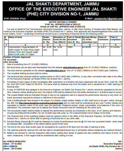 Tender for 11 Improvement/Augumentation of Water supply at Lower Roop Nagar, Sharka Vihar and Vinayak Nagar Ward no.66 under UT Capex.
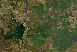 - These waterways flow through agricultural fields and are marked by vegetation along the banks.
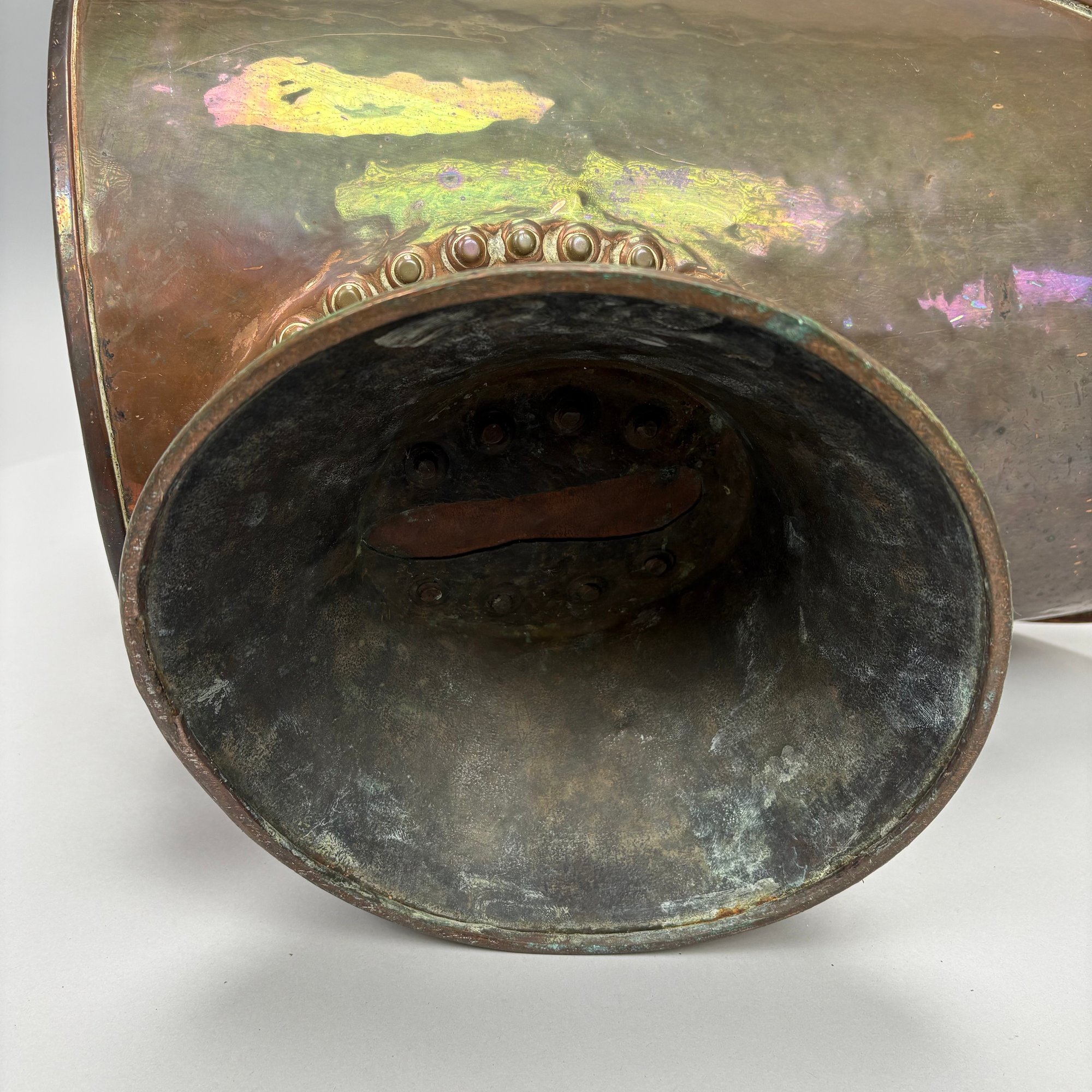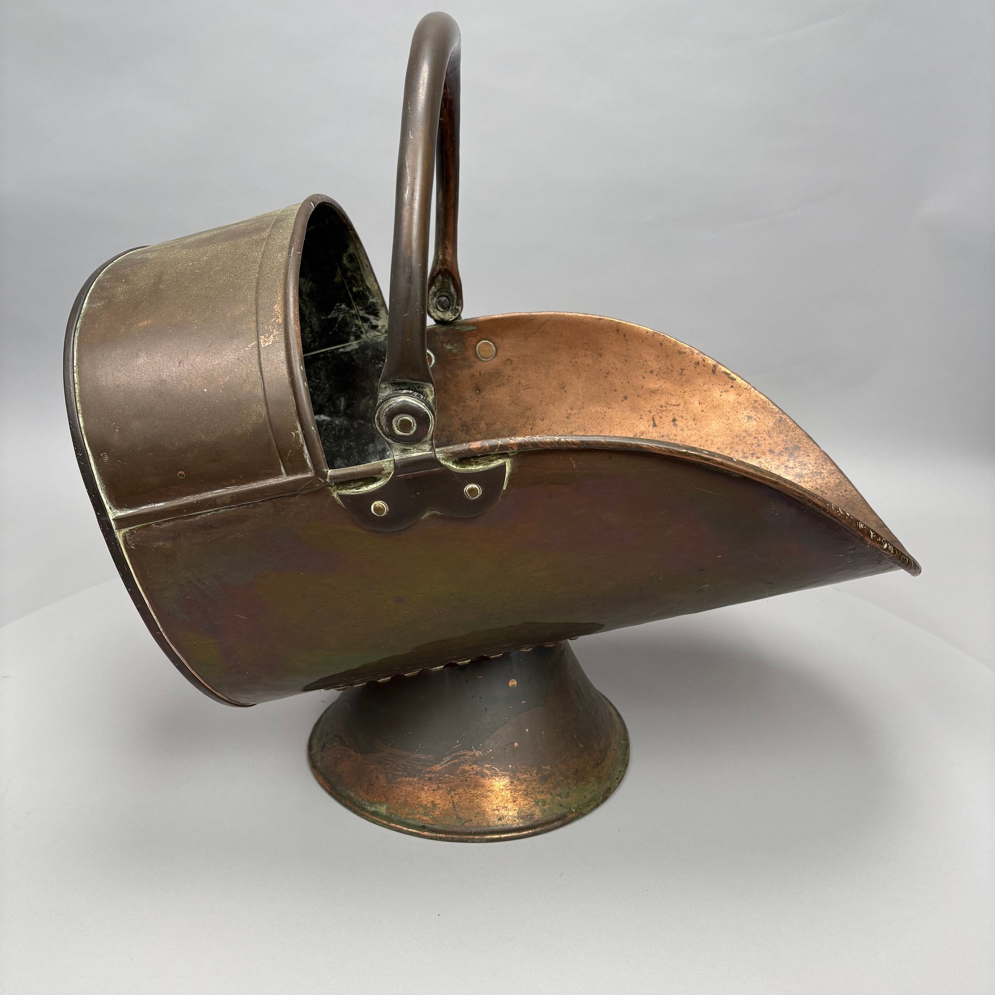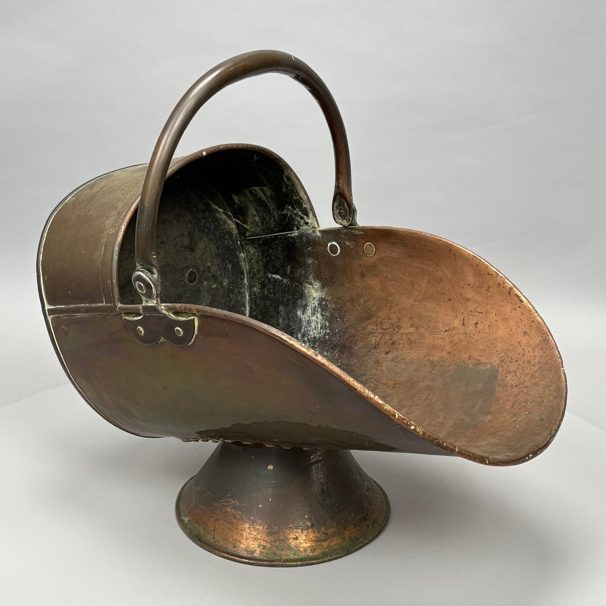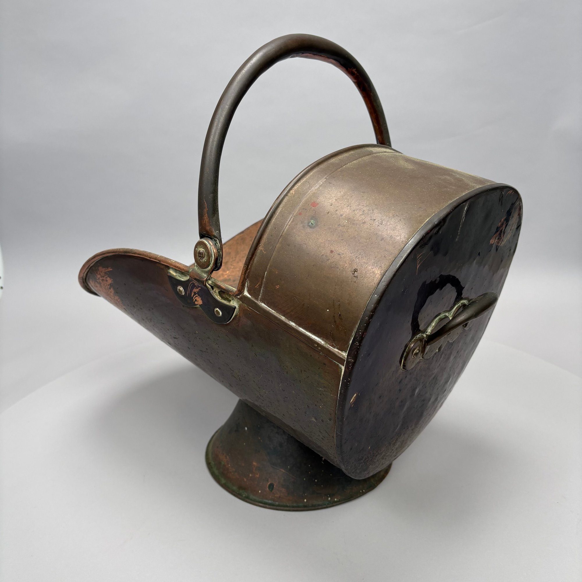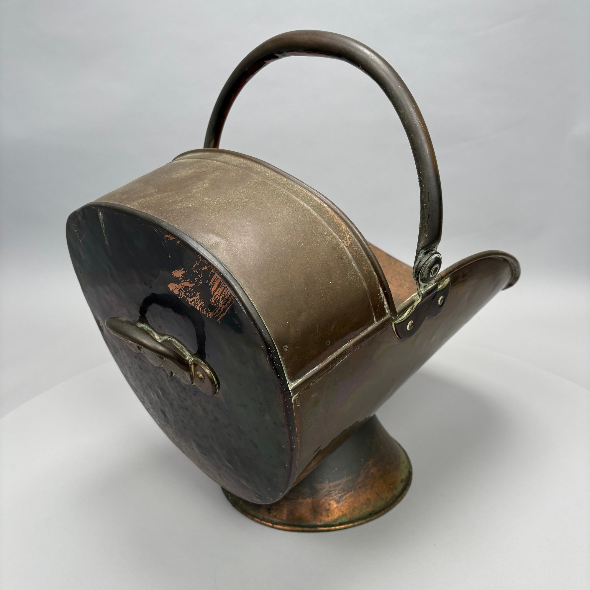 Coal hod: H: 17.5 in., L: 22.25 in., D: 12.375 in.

-----

Transcribe the data exactly, minus any images.

- _Answer below_:
 Tender for 11 Improvement/Augumentation of Water supply at Lower Roop Nagar, Sharka Vihar and Vinayak Nagar Ward no.66 under UT Capex.
 - These waterways flow through agricultural fields and are marked by vegetation along the banks.
 Coal hod: H: 17.5 in., L: 22.25 in., D: 12.375 in.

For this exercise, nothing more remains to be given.